2007 NCAA Women's Division I Basketball Tournament - Comments

Comments

  • Judy Southard, an athletics administrator at Louisiana State University, is the head of the Division I Women's Basketball Committee, which selected and seeded the teams for this event. Southard carried on her duties despite an ongoing scandal in which the head women's basketball coach, Pokey Chatman, resigned after it was alleged that she had an inappropriate sexual relationship with one of her former players. When asked about the scandal on the ESPN program announcing the tournament field and matchups, Southard declined to comment, saying that she wanted the focus to be on the players and teams in the tourney.
  • This was the first tournament since the NCAA began sanctioning women's basketball in which Louisiana Tech is not a participant.

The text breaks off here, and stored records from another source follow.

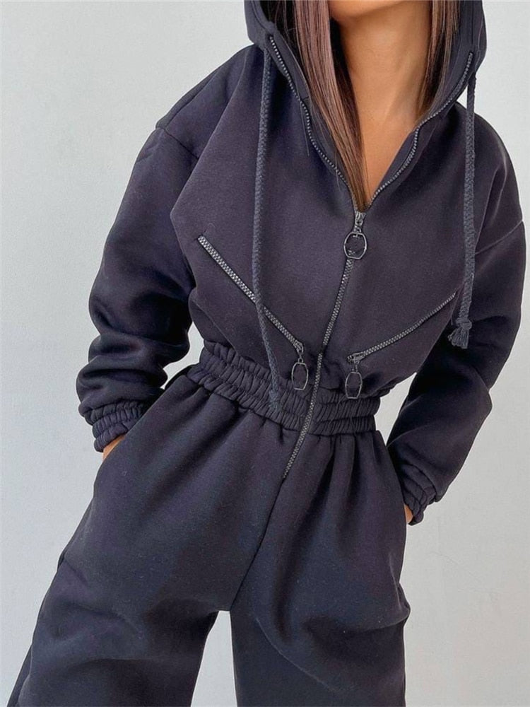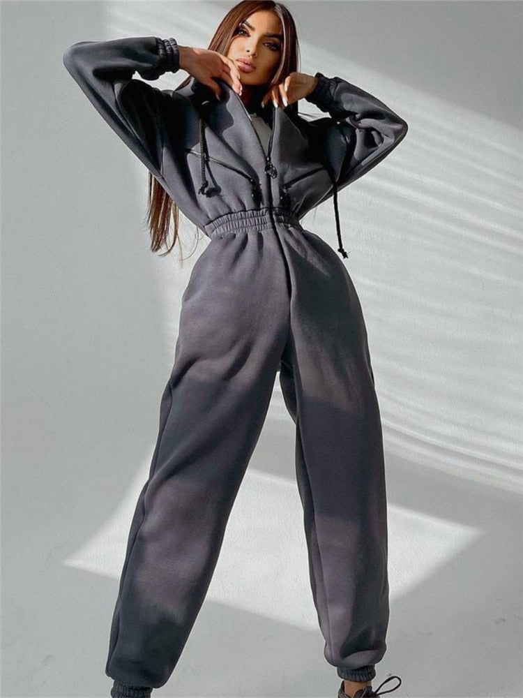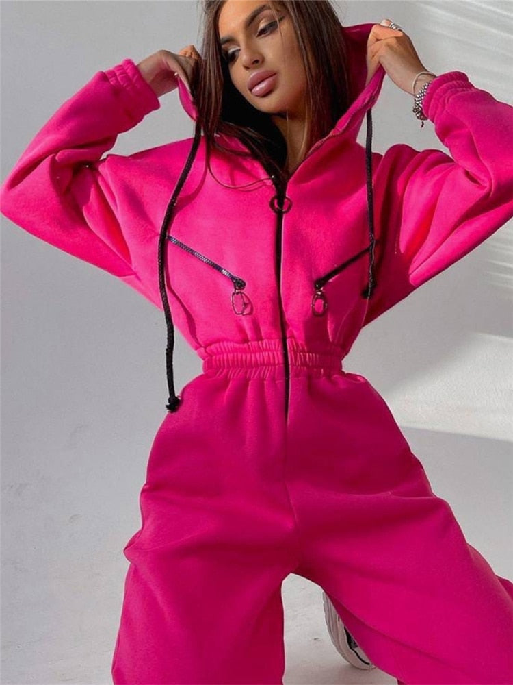 חליפת אוברול חורפית מדהימה עם כובע וגומי במותן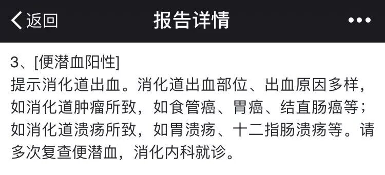 客户对于自己的健康状况相当自信,坚持说指标只是特殊情况。我于是将报告拿到几家公司做预核保,均追问复查情况。如果属于痔疮等原因导致,问题不大,但如果是消化道问题,核保结果>>>极有可能是延期。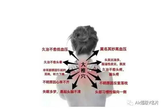 富贵包经常出现在大椎穴位置,它是我们人体的十字路口,有着承上启下的作用,大椎穴不通,会堵塞我们七条经络:督脉、膀胱经、大肠经、小肠经、三焦经、胆经、胃经。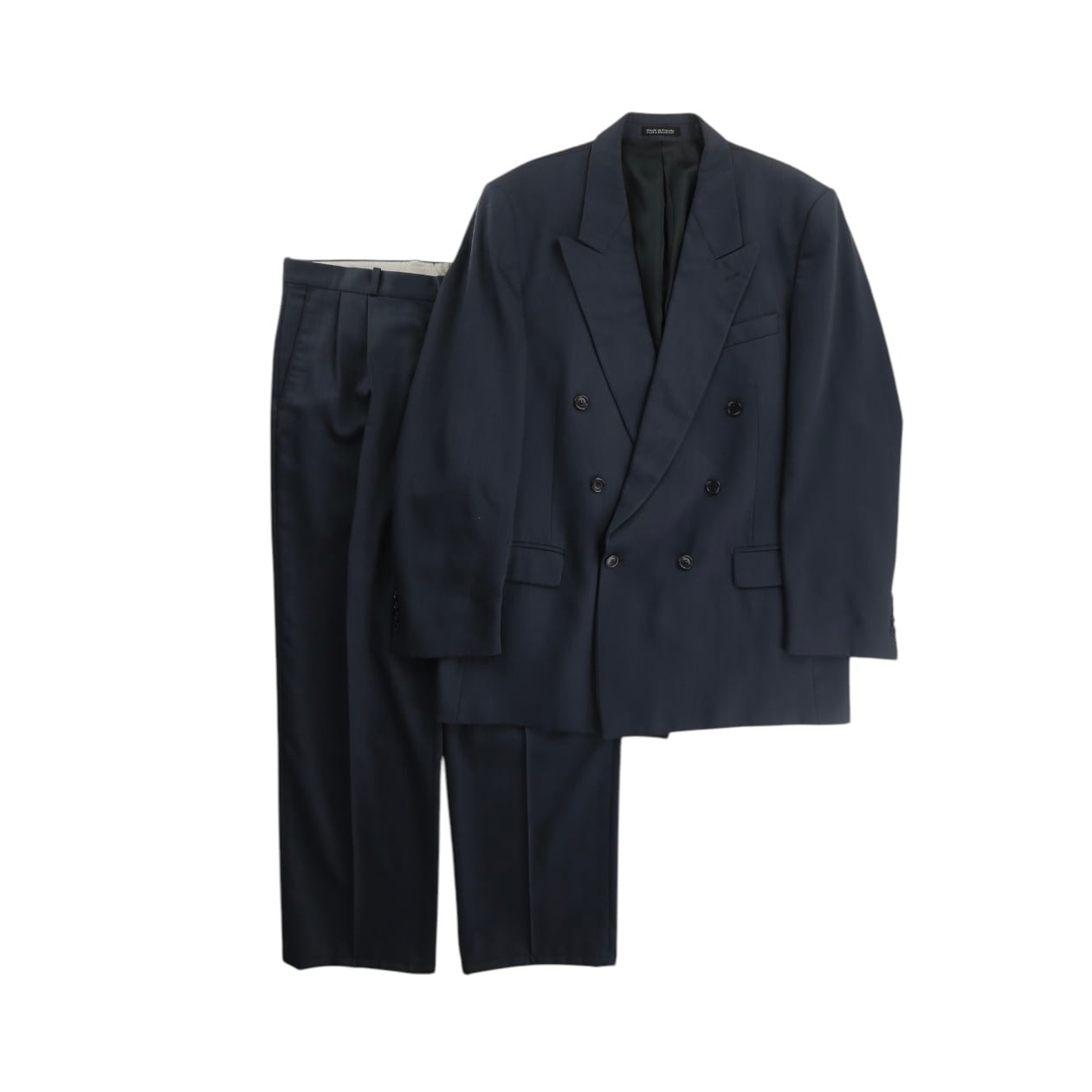 ジャケットはフォーマルになり過ぎないゆとりのあるサイズ感に、ピークドラペルのダブル仕様。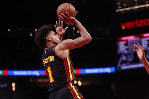 此役,杰伦·约翰逊出战,18中8,其中三分8中3,罚球6中6,得到25分8篮板9助攻3抢断1盖帽,正负值-7。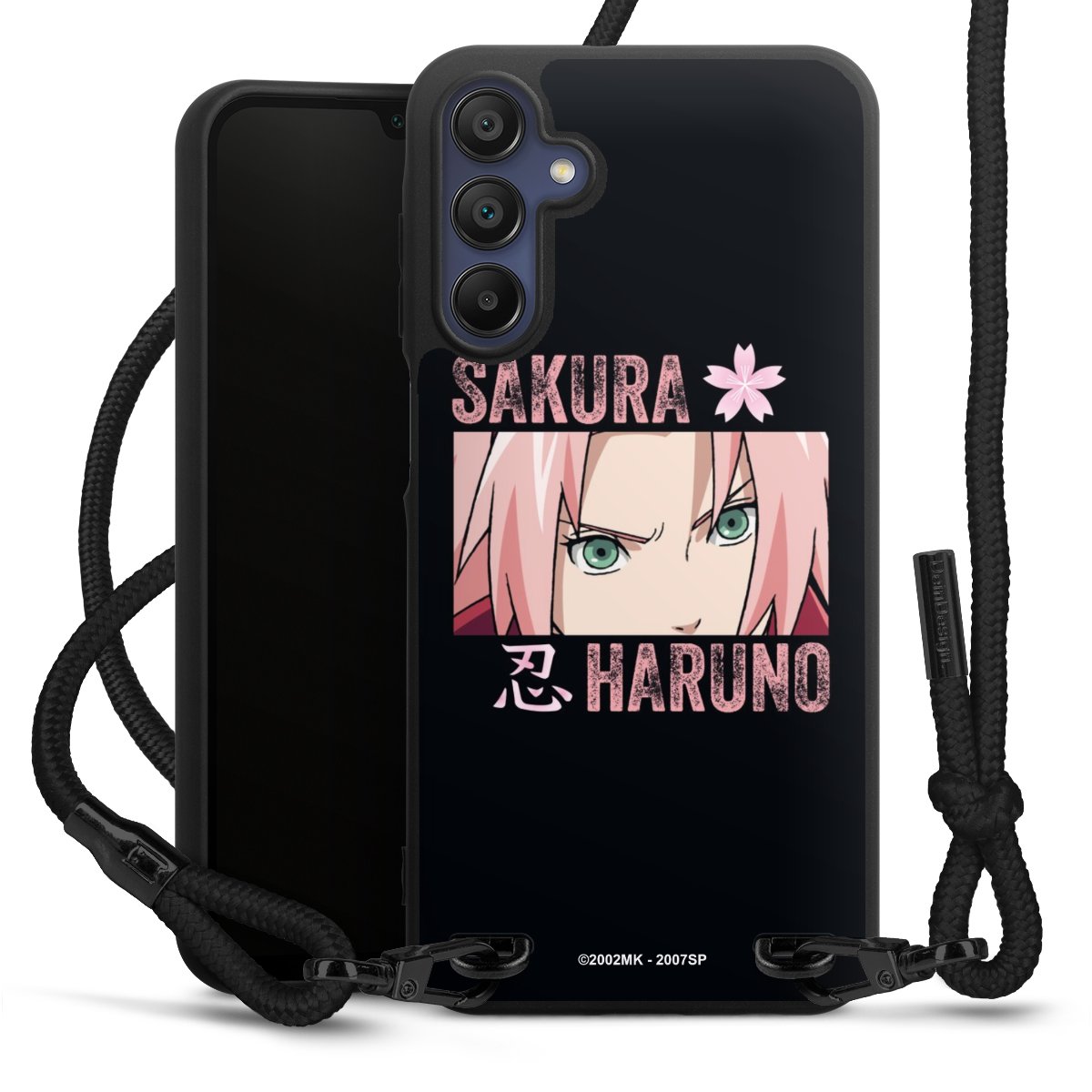 The matt black silicone case is made of flexible TPU (thermoplastic polyurethane) and offers robust protection. The durable, unbreakable material makes the cover flexible and dimensionally stable at the same time. The matte surface makes your design stand out more and is less susceptible to fingerprints and dirt. The stylish trend accessory fits comfortably in the hand and is perfectly complemented by the fabric (polyester) mobile phone strap. The braided fabric strap is approx. 1.70 metres long with a diameter of approx. 0.5 cm. Due to the special knotting technique, the length of the strap can be adjusted by simply pulling it, so that you can adapt it individually to your wishes. The practical case to wear around your neck is available with the fabric strap in black. As a little icing on the cake, we have provided the strap with a chic metal fastener in matt black. The strap is securely fastened to the case with loops made of high-quality genuine leather and press studs. The ends of the fabric strap are covered with metallic end caps and thus protected from fraying.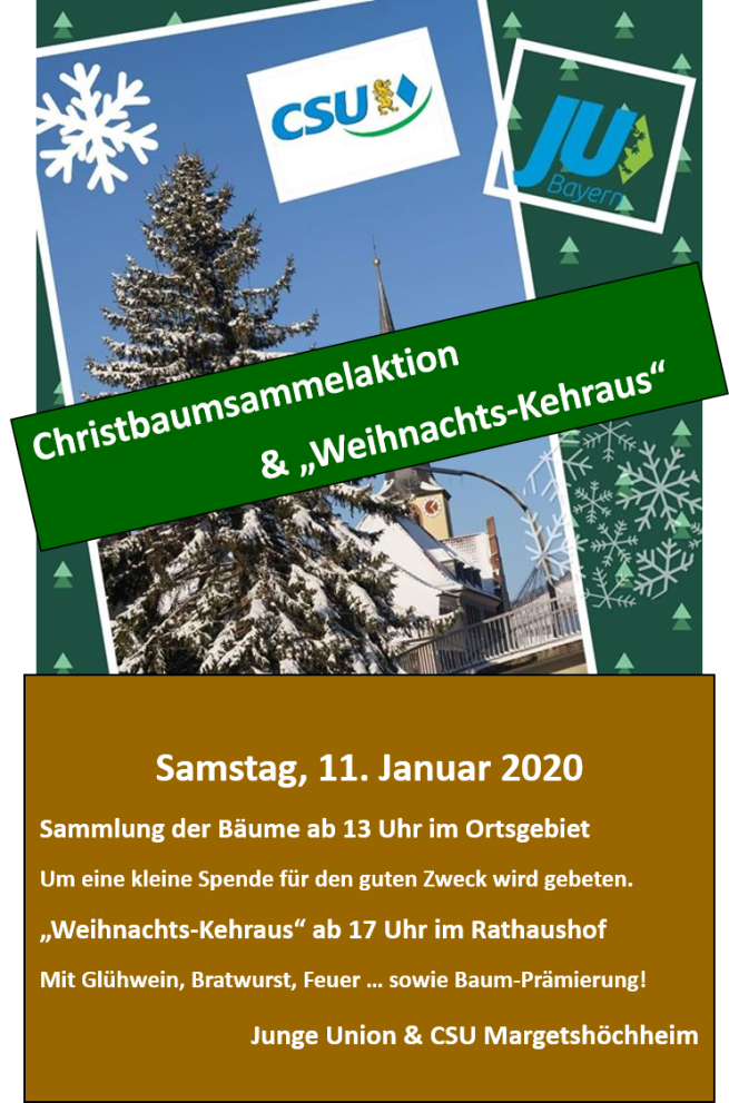 Die Bäume werden ab 13 Uhr eingesammelt. Herzliche Einladung zum Weihnachts-Kehraus ergeht ab 17 Uhr im Rathaushof.

This leaves Tennessee as the only program to appear in all 26 events.
  • Texas was not in the tournament in consecutive seasons for the first time in its history. (At about the same moment that the selections were announced, Jody Conradt, who won 900 games and a championship during her tenure, resigned as the team's head coach.)
  • Marist College was the first current MAAC participant to win in the NCAA tournament. The MAAC was previously 0–21 in the tournament under its current membership. Marist also matched the record for the lowest seed to advance to the Sweet Sixteen as a 13 seed. Texas A&M did so in 1994 and Liberty also accomplished this in 2005.
  • The Final Four logo features a guitar that resembles the Fender Stratocaster, marking the fact that Cleveland serves as the home of the Rock and Roll Hall of Fame. Also, the opening teases on the ESPN telecasts featured an actress playing a disc jockey and mock-up vinyl album covers with players and coaches pictured, to further advance the theme. At the Final Four, a picture of a guitar was applied onto the playing surface with a wood finish, and ESPN used classic rock and roll and R&B songs to lead out into some of the commercial breaks.
  • Rutgers' cinderella performance in the NCAA tournament was the indirect catalyst of a chain of events that led to CBS Radio firing nationally syndicated radio host Don Imus and to a car accident that nearly killed New Jersey governor Jon Corzine. After their underdog performance, Don Imus mentioned the Rutgers women's basketball team in his radio program, where he referred to the team as "nappy-headed hos." This led to CBS radio firing Don Imus. In an attempt to apologize to the Rutgers' basketball team, Don Imus apologized to the Rutgers team in person at the New Jersey governor's mansion in Princeton, New Jersey. The meeting was also to be attended by New Jersey Governor Jon Corzine, but on his way to the meeting, he was involved in an auto accident that left him in critical condition.